**Dataset section:**
-=-=-
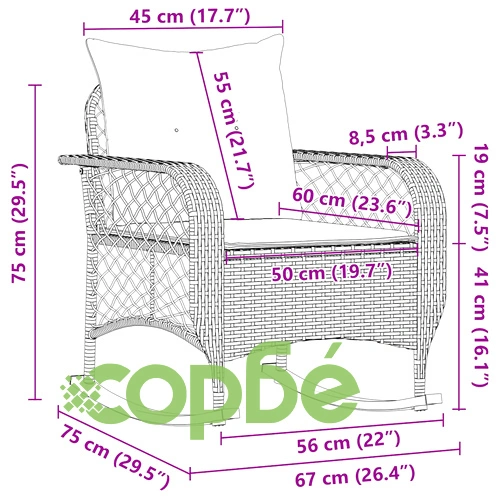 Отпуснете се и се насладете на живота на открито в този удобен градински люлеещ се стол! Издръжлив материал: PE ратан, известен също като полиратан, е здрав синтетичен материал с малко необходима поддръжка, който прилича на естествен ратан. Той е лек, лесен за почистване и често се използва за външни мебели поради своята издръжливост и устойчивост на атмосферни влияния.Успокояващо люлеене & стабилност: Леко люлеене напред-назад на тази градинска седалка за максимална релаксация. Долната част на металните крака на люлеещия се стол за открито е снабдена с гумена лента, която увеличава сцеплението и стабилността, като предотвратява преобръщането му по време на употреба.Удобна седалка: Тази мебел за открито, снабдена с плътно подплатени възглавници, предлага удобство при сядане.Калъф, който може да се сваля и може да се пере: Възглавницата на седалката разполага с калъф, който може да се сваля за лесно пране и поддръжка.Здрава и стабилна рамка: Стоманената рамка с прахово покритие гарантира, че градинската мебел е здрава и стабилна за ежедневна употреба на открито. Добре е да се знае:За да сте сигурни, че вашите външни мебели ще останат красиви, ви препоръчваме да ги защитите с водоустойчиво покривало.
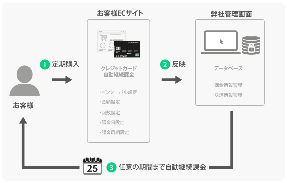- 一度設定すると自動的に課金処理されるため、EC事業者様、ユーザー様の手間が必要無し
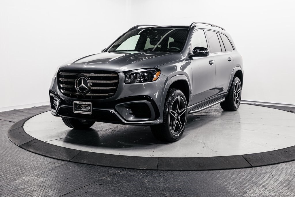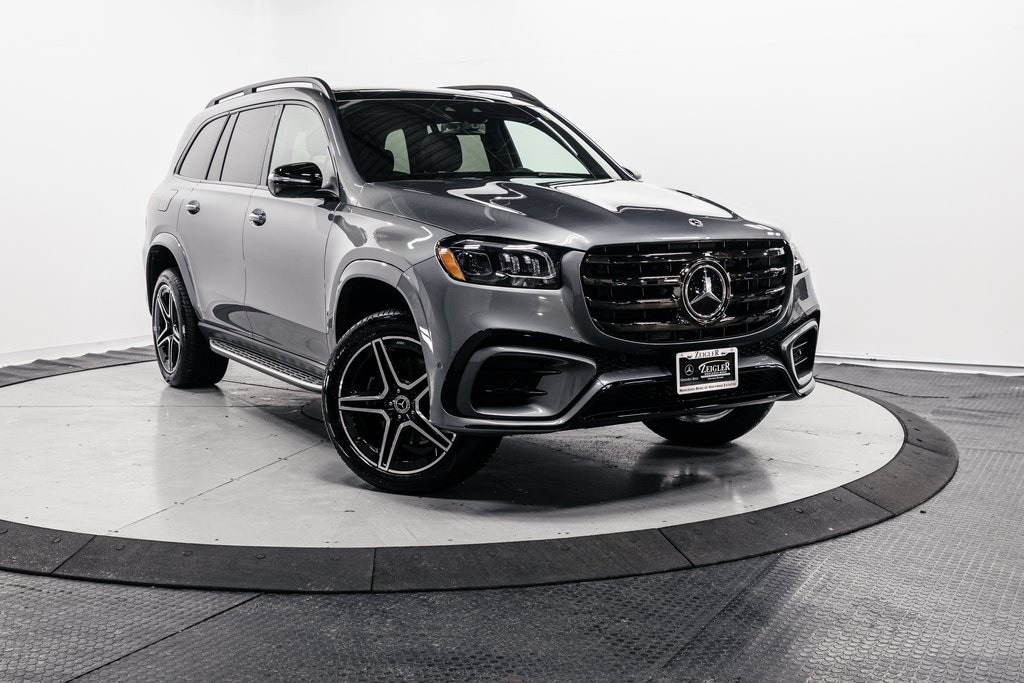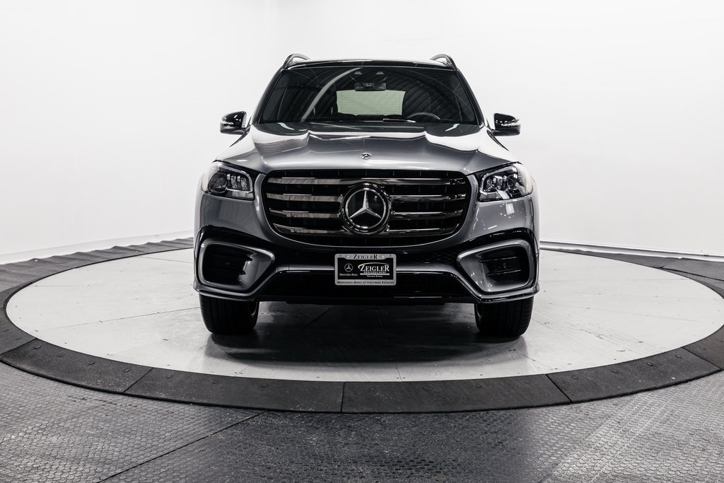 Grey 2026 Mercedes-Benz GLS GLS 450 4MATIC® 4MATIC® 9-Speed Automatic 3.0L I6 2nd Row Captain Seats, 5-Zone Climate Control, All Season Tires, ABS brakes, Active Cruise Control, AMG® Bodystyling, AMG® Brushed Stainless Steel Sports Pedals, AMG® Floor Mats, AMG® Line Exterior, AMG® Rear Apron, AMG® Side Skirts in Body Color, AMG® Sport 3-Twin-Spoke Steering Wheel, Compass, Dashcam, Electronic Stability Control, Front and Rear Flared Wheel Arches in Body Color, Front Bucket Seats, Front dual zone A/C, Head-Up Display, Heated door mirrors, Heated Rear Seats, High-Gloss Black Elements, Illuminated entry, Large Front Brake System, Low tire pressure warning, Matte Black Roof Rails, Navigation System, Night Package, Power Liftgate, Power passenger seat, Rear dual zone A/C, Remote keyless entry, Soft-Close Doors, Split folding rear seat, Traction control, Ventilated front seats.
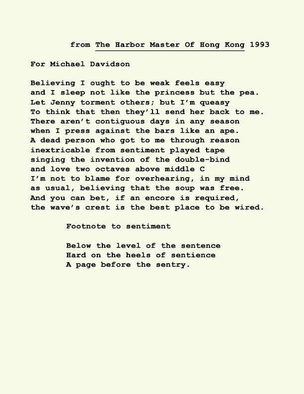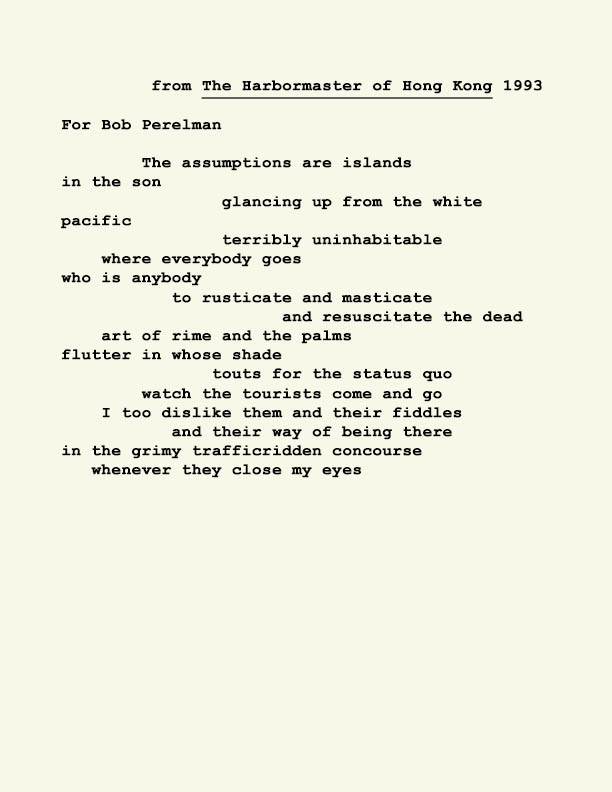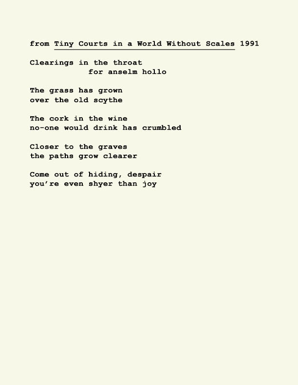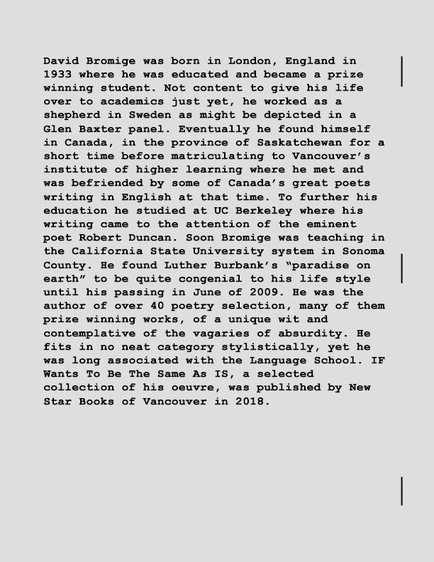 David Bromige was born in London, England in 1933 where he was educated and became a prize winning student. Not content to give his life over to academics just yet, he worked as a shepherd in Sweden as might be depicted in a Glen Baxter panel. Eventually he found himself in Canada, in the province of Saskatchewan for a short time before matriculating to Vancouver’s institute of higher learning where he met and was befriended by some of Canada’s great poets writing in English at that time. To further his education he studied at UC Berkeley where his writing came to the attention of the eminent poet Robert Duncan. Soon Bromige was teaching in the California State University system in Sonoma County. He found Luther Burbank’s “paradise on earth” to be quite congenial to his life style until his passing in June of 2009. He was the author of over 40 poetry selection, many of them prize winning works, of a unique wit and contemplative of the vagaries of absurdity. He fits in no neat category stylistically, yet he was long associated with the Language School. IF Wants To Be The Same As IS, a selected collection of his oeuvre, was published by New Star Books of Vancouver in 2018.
-=-=-
**What the exercise asks:** Every line of the data should be copied as it stands, without the images.

**Written reply:**
 Отпуснете се и се насладете на живота на открито в този удобен градински люлеещ се стол! Издръжлив материал: PE ратан, известен също като полиратан, е здрав синтетичен материал с малко необходима поддръжка, който прилича на естествен ратан. Той е лек, лесен за почистване и често се използва за външни мебели поради своята издръжливост и устойчивост на атмосферни влияния.Успокояващо люлеене & стабилност: Леко люлеене напред-назад на тази градинска седалка за максимална релаксация. Долната част на металните крака на люлеещия се стол за открито е снабдена с гумена лента, която увеличава сцеплението и стабилността, като предотвратява преобръщането му по време на употреба.Удобна седалка: Тази мебел за открито, снабдена с плътно подплатени възглавници, предлага удобство при сядане.Калъф, който може да се сваля и може да се пере: Възглавницата на седалката разполага с калъф, който може да се сваля за лесно пране и поддръжка.Здрава и стабилна рамка: Стоманената рамка с прахово покритие гарантира, че градинската мебел е здрава и стабилна за ежедневна употреба на открито. Добре е да се знае:За да сте сигурни, че вашите външни мебели ще останат красиви, ви препоръчваме да ги защитите с водоустойчиво покривало.
- 一度設定すると自動的に課金処理されるため、EC事業者様、ユーザー様の手間が必要無し
 Grey 2026 Mercedes-Benz GLS GLS 450 4MATIC® 4MATIC® 9-Speed Automatic 3.0L I6 2nd Row Captain Seats, 5-Zone Climate Control, All Season Tires, ABS brakes, Active Cruise Control, AMG® Bodystyling, AMG® Brushed Stainless Steel Sports Pedals, AMG® Floor Mats, AMG® Line Exterior, AMG® Rear Apron, AMG® Side Skirts in Body Color, AMG® Sport 3-Twin-Spoke Steering Wheel, Compass, Dashcam, Electronic Stability Control, Front and Rear Flared Wheel Arches in Body Color, Front Bucket Seats, Front dual zone A/C, Head-Up Display, Heated door mirrors, Heated Rear Seats, High-Gloss Black Elements, Illuminated entry, Large Front Brake System, Low tire pressure warning, Matte Black Roof Rails, Navigation System, Night Package, Power Liftgate, Power passenger seat, Rear dual zone A/C, Remote keyless entry, Soft-Close Doors, Split folding rear seat, Traction control, Ventilated front seats.
 David Bromige was born in London, England in 1933 where he was educated and became a prize winning student. Not content to give his life over to academics just yet, he worked as a shepherd in Sweden as might be depicted in a Glen Baxter panel. Eventually he found himself in Canada, in the province of Saskatchewan for a short time before matriculating to Vancouver’s institute of higher learning where he met and was befriended by some of Canada’s great poets writing in English at that time. To further his education he studied at UC Berkeley where his writing came to the attention of the eminent poet Robert Duncan. Soon Bromige was teaching in the California State University system in Sonoma County. He found Luther Burbank’s “paradise on earth” to be quite congenial to his life style until his passing in June of 2009. He was the author of over 40 poetry selection, many of them prize winning works, of a unique wit and contemplative of the vagaries of absurdity. He fits in no neat category stylistically, yet he was long associated with the Language School. IF Wants To Be The Same As IS, a selected collection of his oeuvre, was published by New Star Books of Vancouver in 2018.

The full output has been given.